Over the past couple of weeks, the noble and learned Lord, Lord Hope, has shared his excellent analogy of feeling as though in a holding pattern somewhere above Aylesbury. I know that my right honourable friend the Chancellor of the Duchy of Lancaster, who actually represents Aylesbury, will tell you that there are no finer patches in the country. Indeed, I noticed at the weekend that he took to the airwaves to make it clear that he has no plans to move from that lovely patch of England to a more well-known address in London. I hope the noble and learned Lord will not mind if I take his analogy a little further and say that the pilot has now identified a runway and that now is the moment of decision for the other place as to where we land.
The legally binding assurances secured by the Prime Minister mean that, in the unlikely event that the backstop is ever used, it will only be temporary, and that the UK and the EU will begin work immediately to replace the backstop with alternative arrangements by the end of December 2020. As my noble friend the Leader of the House set out earlier today, the European Council also agreed that if there is a successful vote on the withdrawal agreement this week, the date of our departure could be extended to 22 May to allow time for our Parliament to agree and ratify the deal.
However, should Parliament not agree a deal this week, the European Council has agreed to extend Article 50 until 12 April, which would then become the point at which we either leave with no deal or present an alternative plan. The Government’s position is clear that the best way in which to leave the European Union is in a smooth and orderly manner, by supporting the negotiated withdrawal agreement. The point was powerfully made by my noble friends Lord Bridges, Lord Howell and Lord Cormack, as well as, somewhat surprisingly, by the noble Lord, Lord Soley, and perhaps slightly reluctantly by my noble friend Lord Lilley and the noble Lord, Lord Butler.

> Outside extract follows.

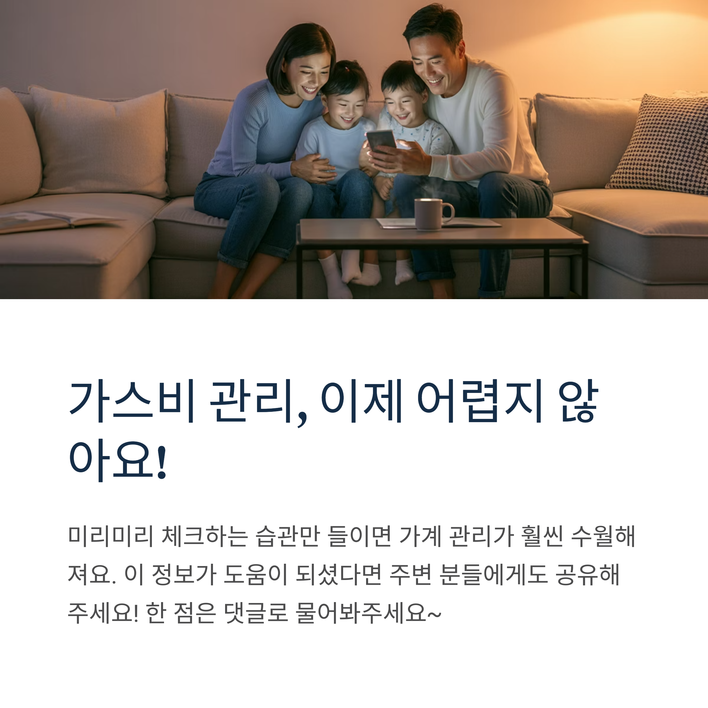민수씨처럼 주기적으로 체크하고 자동이체까지 설정해두니까 가스비 스트레스가 완전히 사라졌다고 하더라고요. 여러분도 이런 식으로 관리해보세요!
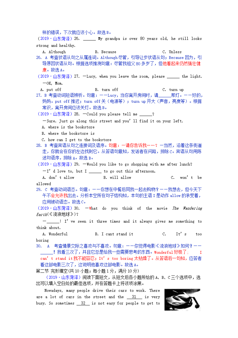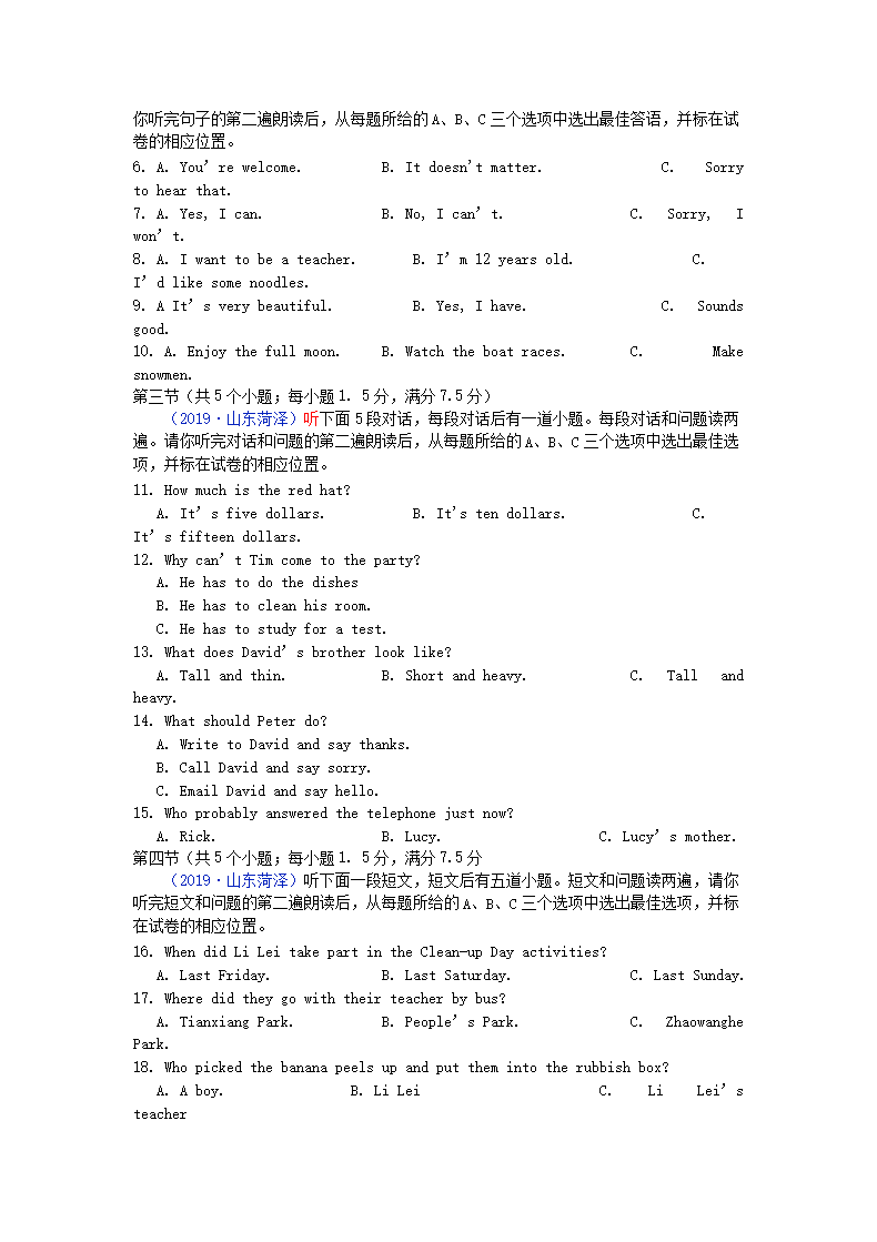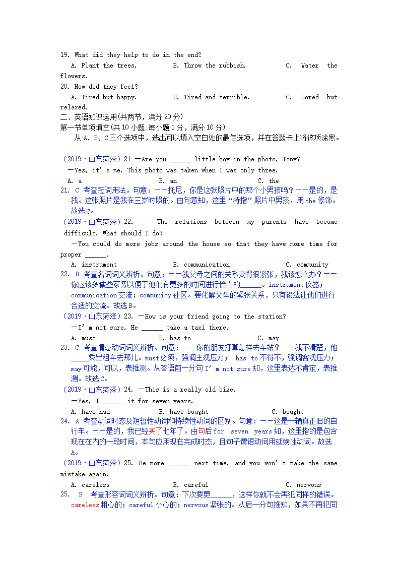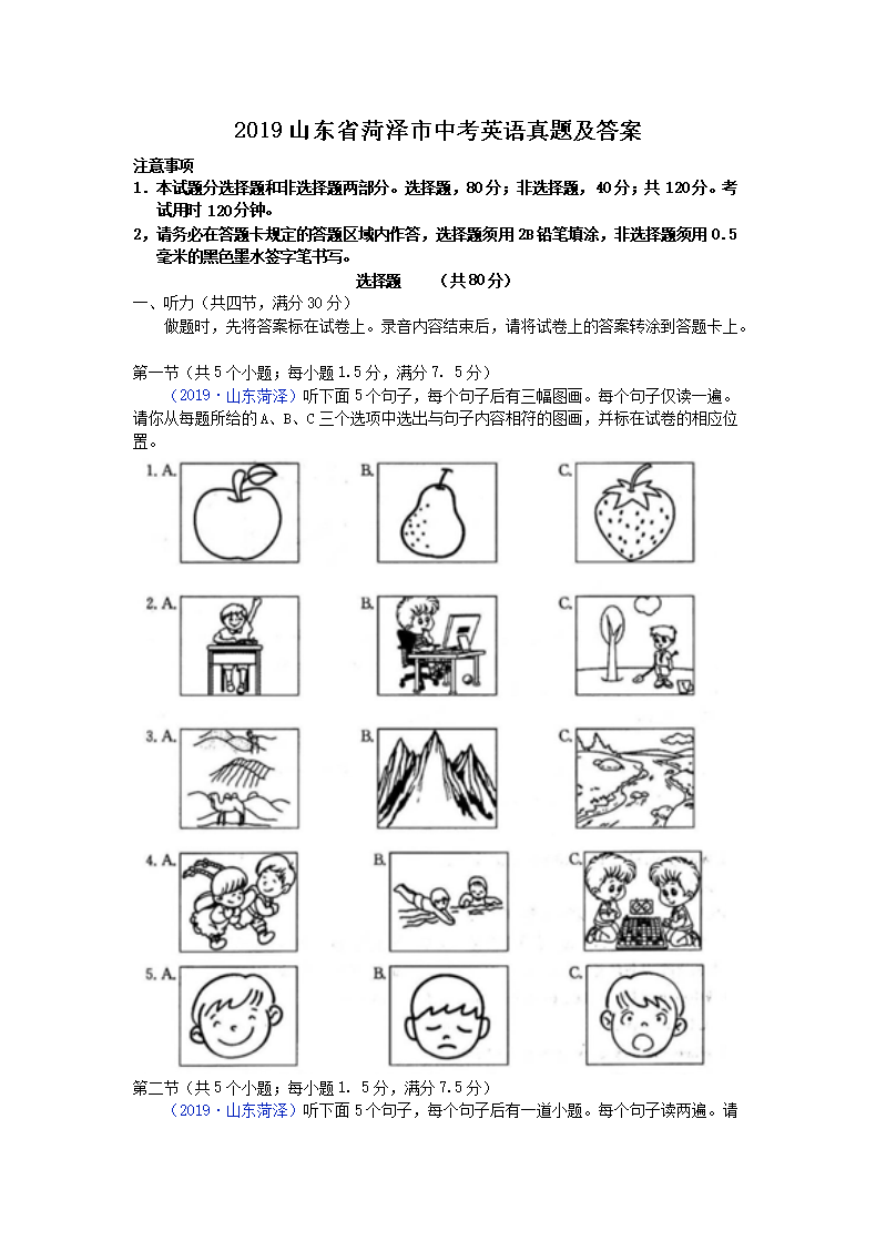 【文档名称】 2019山东省菏泽市中考英语真题及答案(Word版).doc

The noble Lord, Lord Kerr, and others talked about extending Article 50. Our agreement with the EU provides for two possible durations, which I have just outlined. Either of these scenarios would require a change in our domestic legislation to reflect the new date.

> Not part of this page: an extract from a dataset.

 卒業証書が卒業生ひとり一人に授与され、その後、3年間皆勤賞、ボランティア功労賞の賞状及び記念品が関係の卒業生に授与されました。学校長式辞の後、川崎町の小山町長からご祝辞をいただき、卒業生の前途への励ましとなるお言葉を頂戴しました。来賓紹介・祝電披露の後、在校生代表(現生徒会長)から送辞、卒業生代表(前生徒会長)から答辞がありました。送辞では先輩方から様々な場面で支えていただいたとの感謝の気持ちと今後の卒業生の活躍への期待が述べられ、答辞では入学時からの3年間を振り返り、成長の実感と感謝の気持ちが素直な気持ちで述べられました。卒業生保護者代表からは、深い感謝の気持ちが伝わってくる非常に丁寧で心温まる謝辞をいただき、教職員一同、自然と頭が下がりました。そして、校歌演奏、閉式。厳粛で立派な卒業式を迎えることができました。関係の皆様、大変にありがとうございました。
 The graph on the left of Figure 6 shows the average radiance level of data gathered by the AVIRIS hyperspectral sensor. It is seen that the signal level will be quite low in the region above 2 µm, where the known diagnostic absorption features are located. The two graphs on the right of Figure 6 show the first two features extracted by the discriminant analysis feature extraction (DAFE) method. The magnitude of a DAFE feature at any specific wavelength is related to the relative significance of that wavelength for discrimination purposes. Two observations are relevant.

I can confirm that the Government have today laid a draft statutory instrument under the EU withdrawal Act that provides for both of these possible agreed extensions. This will be subject to the draft affirmative procedure, so it will be debated in each House and must come into force by 11 pm on Friday 29 March. As my noble friend the Lord Privy Seal confirmed earlier, in this House, that debate will take place on Wednesday, so we have it all to look forward to again.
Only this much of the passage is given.